As the connection between the first member <NUM> and the second member is a snap-fit connection, if a release of the connection occurs, the extendable lever <NUM> can be put back in is normal operation state by reconnecting the first and second members <NUM>, <NUM>. In an embodiment, the length L1 of the hollow-shaped portion <NUM> of the first member <NUM> and the length L2 of the post <NUM> of the second member <NUM> are such that, when the extendable lever <NUM> is in the maximum extension configuration as shown in <FIG>, at least a part of the post <NUM> (for example at least the connecting end <NUM>) remains within the hollow-shaped portion <NUM>. More particularly, a length of the portion of the post <NUM> which is housed within the first member <NUM> when the first member <NUM> and the second member <NUM> are coupled together is lower than a maximum length of the relative displacement between the two members <NUM>, <NUM> when the connection between the first and second members is released and the extendable lever moves from an unextended configuration to a maximum extension configuration. Thanks to this configuration, the first and second members can be connected back together simply by pushing on the door <NUM> so as to bring the two members <NUM>, <NUM> closer to each other until the snap-fit connection is restored. This can therefore be easily performed by a user without assistance of a professional.

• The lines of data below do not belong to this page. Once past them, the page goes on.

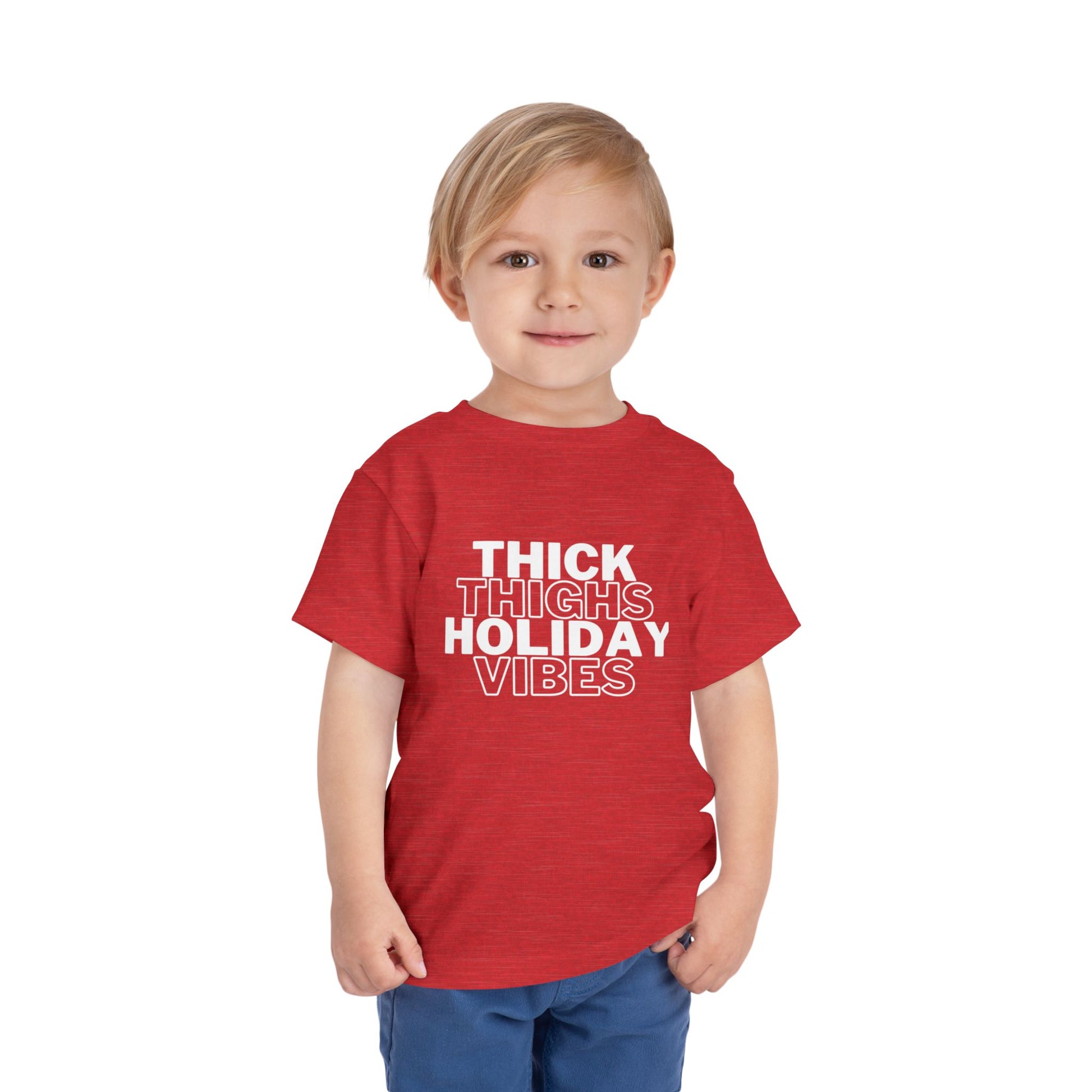 Thick Thighs Holiday Vibes Toddler Christmas Shirt | Funny Toddler Tee | Kids Christmas Outfit | Holiday Baby Shirt | Cute Christmas Toddler Tee
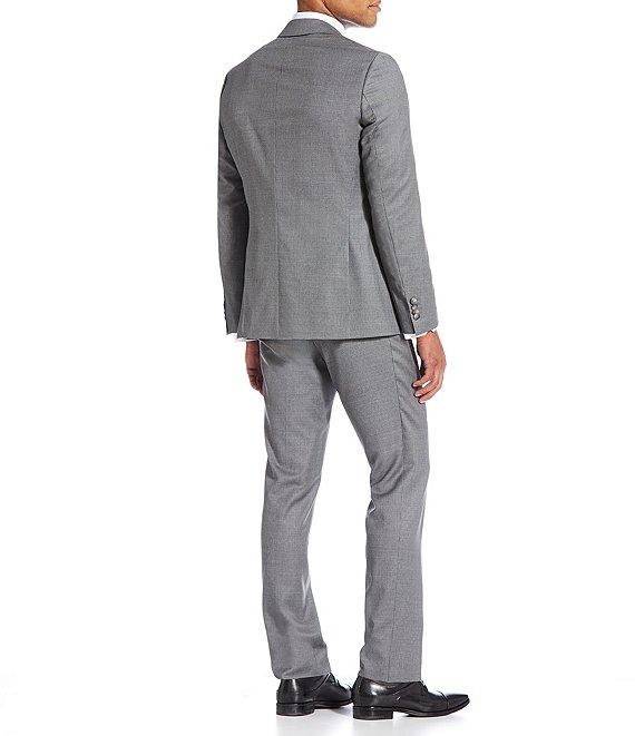 From Hugo Boss, this 2-piece suit features: Jacket: Notch lapel Long sleeves Side vent Houndstooth Flap pockets Fully lined 2 button closure Slim fit Pants: Flat front Houndstooth Front button/zip closure Care: Wool/elastane Dry clean Imported.
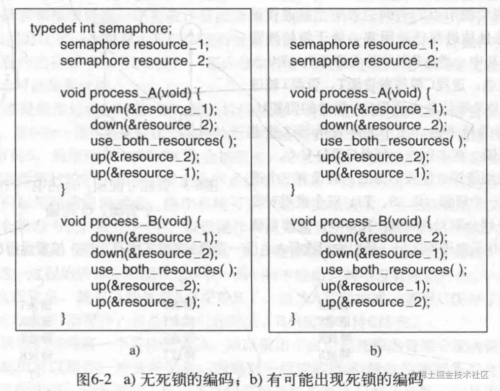 不同的资源获取方式可能造成死锁,如果是使用信号量操作,那么可能的情况如下所示:
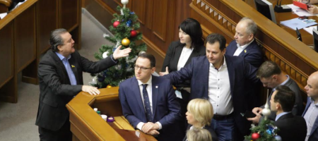Аби домогтися винесення на розгляд газового законопроекту, УКРОП заблокував трибуну.
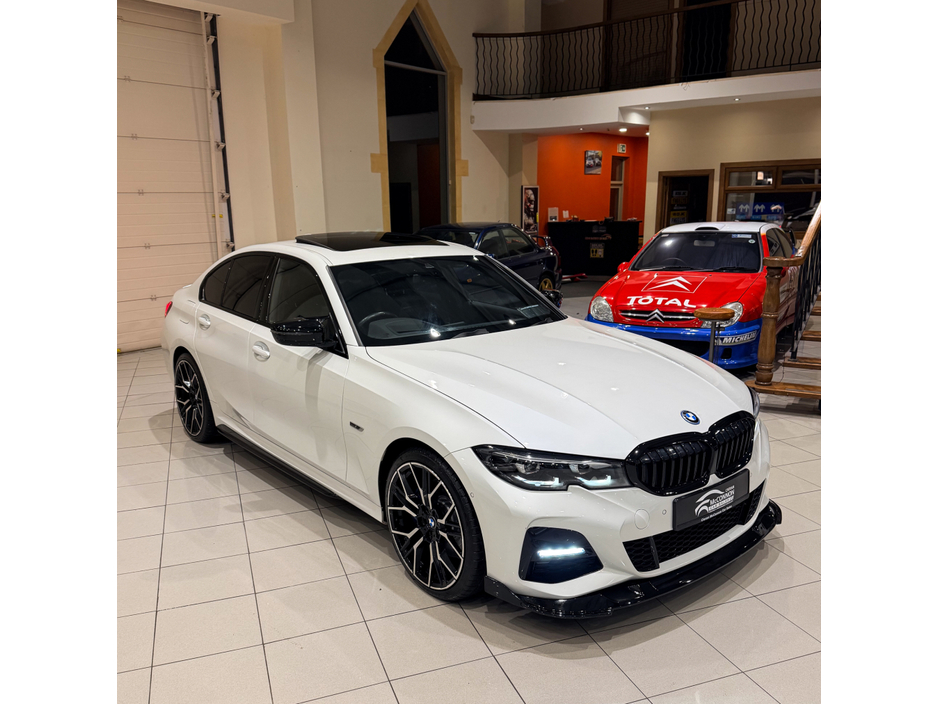 HUGE SPEC PRO PACK SUNROOF HARMON - KARDON HEATED STEERING WHEEL At Cieran Mc Connon Car Sales we are delighted to offer for sale this exceptional - 2021 (212) BMW 330e M-SPORT PRO PACK 290BHP which is finished off in the every sought after "Pearl White" paintwork which is tastefully contrasted with optional extra 20" upgraded alloy wheels. Sunroof Heated steering wheel Harmon/Kardon Blue upgrade brake system Full gloss black lip kit Electric upgrade seating M-Sport branding pack Pro Pack lip spoiler Extended front splitter Indv. high-gloss shadowline- extended I-Drive system Professional Sat-Nav Bluetooth Digital cockpit Air-Con USB/AUX connectivity Park distance control Ambient lighting package & so much more! PLEASE NOTE OPTIONAL EXTRA ALLOYS ARE SOLD AT €1250 OR CAN BE SOLD ON ORIGINAL ALLOYS Central Locking, Electric Windows, Airbag, Fog Lamps, Centre Armrest, Multi-function steering wheel, Satellite Navigation, Traction Control, Anti-Theft System, Parking Sensors, Bluetooth, EBD, Isofix, Active Safety Braking / City Brake / Collision Alert, Stop/Start Button, External Devices Connectivity, Cup holders, Remote boot/hatch/rear door release, Stability control
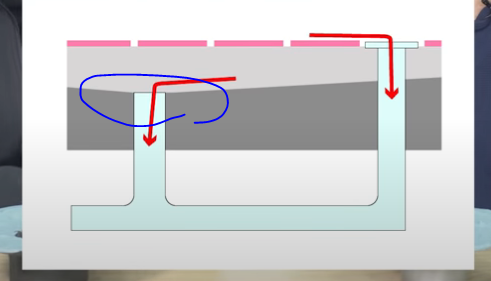 첨부한 이미지와 같이 2차 배수(사모래층)를 위한 배수구(푸른색, 2번)를 하나 더 만드는 것을 고려하게 되었습니다.
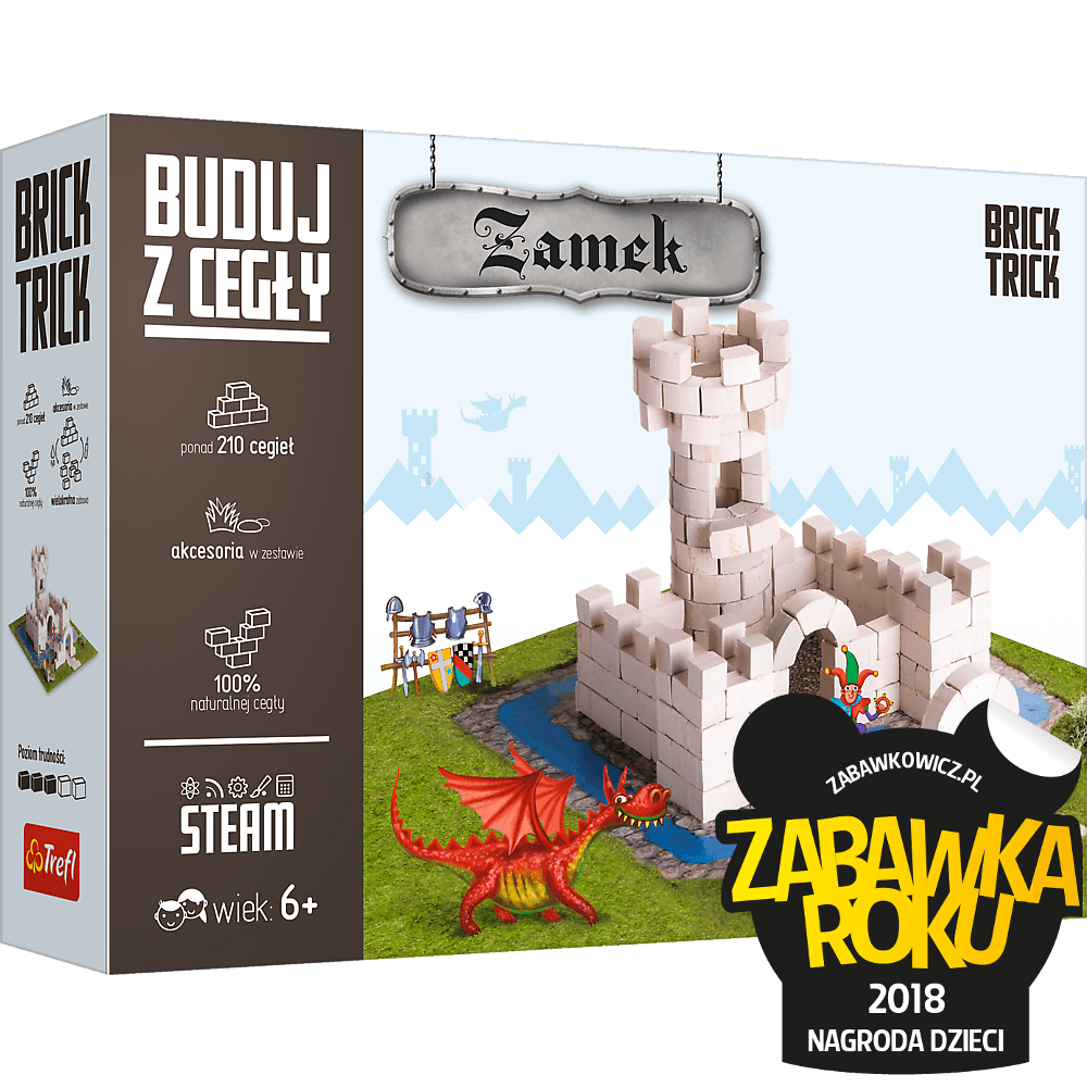 Brick Trick - Zabawa Murowana! Zostań konstruktorem, wykorzystując do budowy prawdziwe cegły i drewno! W instrukcji znajdziesz obszerne ciekawostki prosto z placu budowy. Dowiedz się, jak urozmaicić swoją konstrukcję dzięki wielu interesującym pomysłom i rozwiązaniom. Buduj według instrukcji lub użyj wyobraźni do stworzenia własnej, niepowarzalnej konstrukcji. Możesz też połączyć kilka budynków, tworząc klimat wsi, miasta lub średniowiecza.
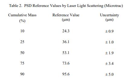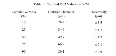 計量溯源性是長度的 SI 單位(以微米表示)。根據 ISO/JCGM 和 NIST 指南 [2] 計算的每個百分位數的不確定度是 95% 置信水平的擴展不確定度,其中包括由于測量不精確和材料可變性導致的不確定度。每個經認證的直徑及其擴展的不確定性定義了一個直徑范圍,相關百分位數預計至少有 95% 的樣品位于該直徑范圍內。

The extendable lever <NUM> according to the invention therefore provides a safety feature that prevents breaking of the actuation system, and in particular of the actuator <NUM>, in case a very intense force is exerted in the door <NUM>, for example during a break-in attempt.

Claim 1:
A charge port door assembly (<NUM>) for a vehicle (<NUM>), comprising:
- a charge port door (<NUM>);
- an actuation system (<NUM>),configured to move the charge port door (<NUM>) between a closed position, in which the door (<NUM>) is intended to cover a charge port of a vehicle (<NUM>) and to remain flush with an outer surface of the vehicle (<NUM>), and an open position, in which the door is intended to permit access to the charge port, the actuation system (<NUM>) comprising a linkage (<NUM>) connecting the door (<NUM>) to a support intended to be fixed relative to the vehicle (<NUM>), and an actuator (<NUM>) configured to actuate the linkage (<NUM>) to move the door (<NUM>),
the actuation system (<NUM>) further comprising an extendable lever (<NUM>), the extendable lever (<NUM>) being directly or indirectly connected at a first end (<NUM>) to an output member (<NUM>) of the actuator, and directly or indirectly connected at an opposite, second end (<NUM>) to the door (<NUM>),
the charge port assembly (<NUM>) being characterized in that the extendable lever (<NUM>) comprises a first member (<NUM>) fixedly connected to the first end (<NUM>) or to the second end (<NUM>) of the extendable lever (<NUM>), and a second member (<NUM>) fixedly connected to the opposite end (<NUM>) of the extendable lever (<NUM>), the first member (<NUM>) and the second member (<NUM>) being configured to move away from each other when a force is exerted on the extendable lever (<NUM>), the force exerted tending to separate both ends (<NUM>, <NUM>) of the extendable lever (<NUM>) and having an intensity higher than a specified intensity, the specified intensity being lower than the intensity of a force likely to damage the actuation system (<NUM>).